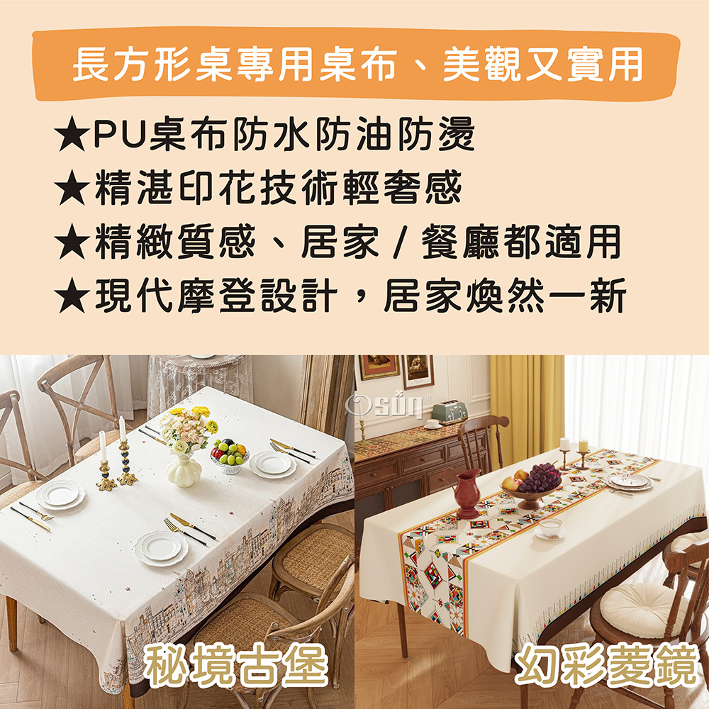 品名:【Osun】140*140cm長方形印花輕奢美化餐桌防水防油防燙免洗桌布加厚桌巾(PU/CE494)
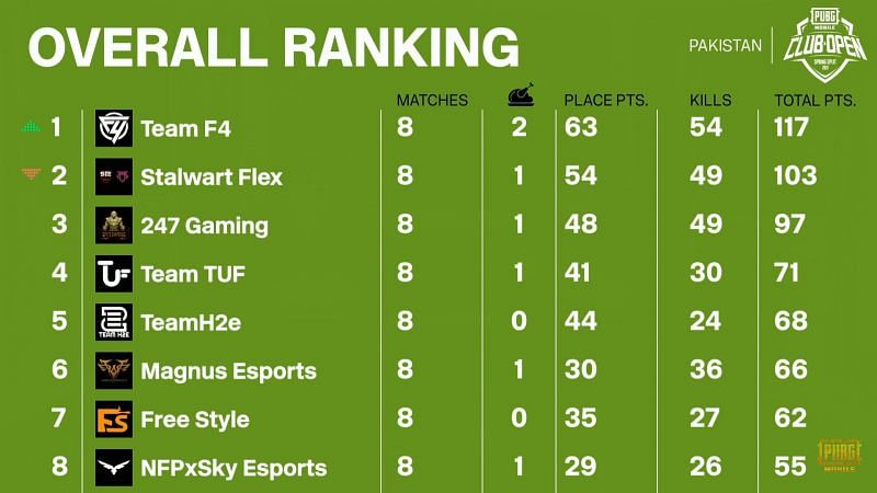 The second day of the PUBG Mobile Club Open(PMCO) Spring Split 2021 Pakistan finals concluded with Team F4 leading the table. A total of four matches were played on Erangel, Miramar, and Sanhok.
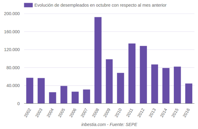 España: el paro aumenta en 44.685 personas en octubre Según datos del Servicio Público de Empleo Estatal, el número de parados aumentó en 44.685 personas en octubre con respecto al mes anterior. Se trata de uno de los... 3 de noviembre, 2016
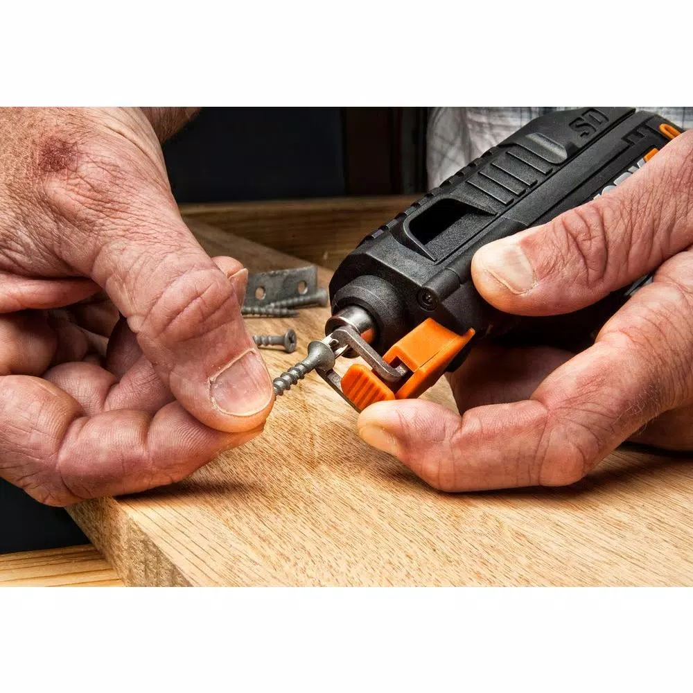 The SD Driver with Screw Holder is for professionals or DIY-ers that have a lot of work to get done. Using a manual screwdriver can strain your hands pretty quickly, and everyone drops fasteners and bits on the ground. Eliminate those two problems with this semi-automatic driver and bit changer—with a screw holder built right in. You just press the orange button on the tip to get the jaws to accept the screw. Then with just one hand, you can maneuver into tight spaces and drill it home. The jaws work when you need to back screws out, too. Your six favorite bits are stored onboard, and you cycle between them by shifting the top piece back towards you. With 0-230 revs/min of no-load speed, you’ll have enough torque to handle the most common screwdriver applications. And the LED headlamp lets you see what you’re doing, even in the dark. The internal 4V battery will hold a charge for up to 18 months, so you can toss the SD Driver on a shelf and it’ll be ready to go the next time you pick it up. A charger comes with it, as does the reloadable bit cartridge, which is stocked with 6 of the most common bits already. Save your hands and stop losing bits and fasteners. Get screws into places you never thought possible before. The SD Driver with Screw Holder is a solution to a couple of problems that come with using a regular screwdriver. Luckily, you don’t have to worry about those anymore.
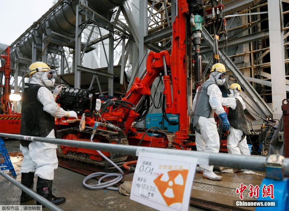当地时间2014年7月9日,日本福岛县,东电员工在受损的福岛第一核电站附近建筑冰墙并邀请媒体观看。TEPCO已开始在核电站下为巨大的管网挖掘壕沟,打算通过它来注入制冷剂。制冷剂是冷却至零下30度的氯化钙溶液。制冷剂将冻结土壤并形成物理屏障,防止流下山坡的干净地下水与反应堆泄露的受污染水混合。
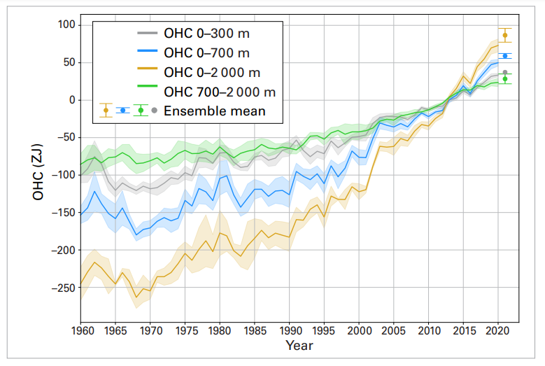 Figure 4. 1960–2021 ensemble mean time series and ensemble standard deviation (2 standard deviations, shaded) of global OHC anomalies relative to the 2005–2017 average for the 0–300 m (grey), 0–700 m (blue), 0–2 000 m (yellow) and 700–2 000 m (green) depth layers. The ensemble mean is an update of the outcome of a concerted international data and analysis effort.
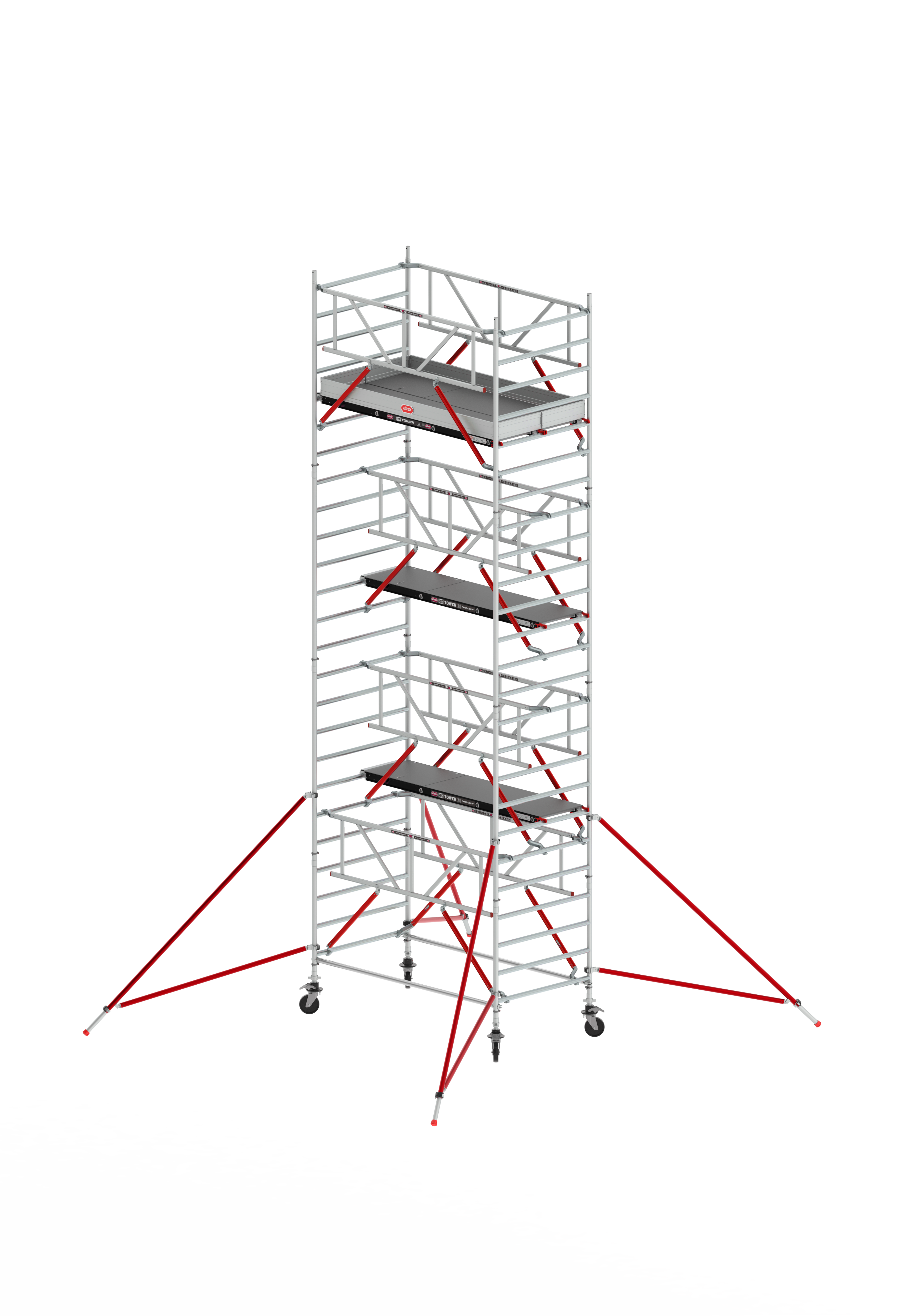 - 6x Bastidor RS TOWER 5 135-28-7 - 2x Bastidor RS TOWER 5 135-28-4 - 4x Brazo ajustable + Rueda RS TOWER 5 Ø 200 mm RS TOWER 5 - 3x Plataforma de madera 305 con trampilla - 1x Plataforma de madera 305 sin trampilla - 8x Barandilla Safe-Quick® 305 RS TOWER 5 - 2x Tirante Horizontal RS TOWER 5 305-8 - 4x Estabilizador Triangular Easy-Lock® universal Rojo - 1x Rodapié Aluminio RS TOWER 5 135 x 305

========================================================================

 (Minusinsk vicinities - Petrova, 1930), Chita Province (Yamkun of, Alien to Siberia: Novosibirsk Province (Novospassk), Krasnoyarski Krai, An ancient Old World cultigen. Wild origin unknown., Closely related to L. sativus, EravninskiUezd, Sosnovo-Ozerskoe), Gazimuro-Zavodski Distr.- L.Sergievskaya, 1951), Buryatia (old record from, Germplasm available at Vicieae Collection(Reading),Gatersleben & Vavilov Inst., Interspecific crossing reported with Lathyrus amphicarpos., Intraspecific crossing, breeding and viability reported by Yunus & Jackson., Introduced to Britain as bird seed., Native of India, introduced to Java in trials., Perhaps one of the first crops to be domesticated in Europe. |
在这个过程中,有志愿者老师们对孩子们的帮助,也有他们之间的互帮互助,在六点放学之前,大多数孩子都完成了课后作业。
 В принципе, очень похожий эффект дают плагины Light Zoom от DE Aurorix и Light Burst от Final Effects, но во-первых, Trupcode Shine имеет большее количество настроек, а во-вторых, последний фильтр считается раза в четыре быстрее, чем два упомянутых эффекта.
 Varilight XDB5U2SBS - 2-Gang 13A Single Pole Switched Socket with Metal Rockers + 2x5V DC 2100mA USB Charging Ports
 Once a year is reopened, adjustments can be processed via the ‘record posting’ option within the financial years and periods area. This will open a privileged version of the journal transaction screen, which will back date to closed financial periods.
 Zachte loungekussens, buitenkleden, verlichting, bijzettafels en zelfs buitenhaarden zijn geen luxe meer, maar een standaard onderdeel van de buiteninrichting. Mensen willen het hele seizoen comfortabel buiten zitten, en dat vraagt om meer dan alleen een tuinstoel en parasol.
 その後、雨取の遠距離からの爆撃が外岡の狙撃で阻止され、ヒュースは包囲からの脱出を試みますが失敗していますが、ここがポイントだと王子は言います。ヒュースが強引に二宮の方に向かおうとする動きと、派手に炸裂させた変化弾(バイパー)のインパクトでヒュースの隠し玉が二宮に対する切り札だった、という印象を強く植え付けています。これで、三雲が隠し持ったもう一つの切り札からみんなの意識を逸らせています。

========================================================================

### Assignment:
Look through the listing above. Pick out each line with "record" and copy it.

### Problem solution:
 (Minusinsk vicinities - Petrova, 1930), Chita Province (Yamkun of, Alien to Siberia: Novosibirsk Province (Novospassk), Krasnoyarski Krai, An ancient Old World cultigen. Wild origin unknown., Closely related to L. sativus, EravninskiUezd, Sosnovo-Ozerskoe), Gazimuro-Zavodski Distr.- L.Sergievskaya, 1951), Buryatia (old record from, Germplasm available at Vicieae Collection(Reading),Gatersleben & Vavilov Inst., Interspecific crossing reported with Lathyrus amphicarpos., Intraspecific crossing, breeding and viability reported by Yunus & Jackson., Introduced to Britain as bird seed., Native of India, introduced to Java in trials., Perhaps one of the first crops to be domesticated in Europe. |
 Once a year is reopened, adjustments can be processed via the ‘record posting’ option within the financial years and periods area. This will open a privileged version of the journal transaction screen, which will back date to closed financial periods.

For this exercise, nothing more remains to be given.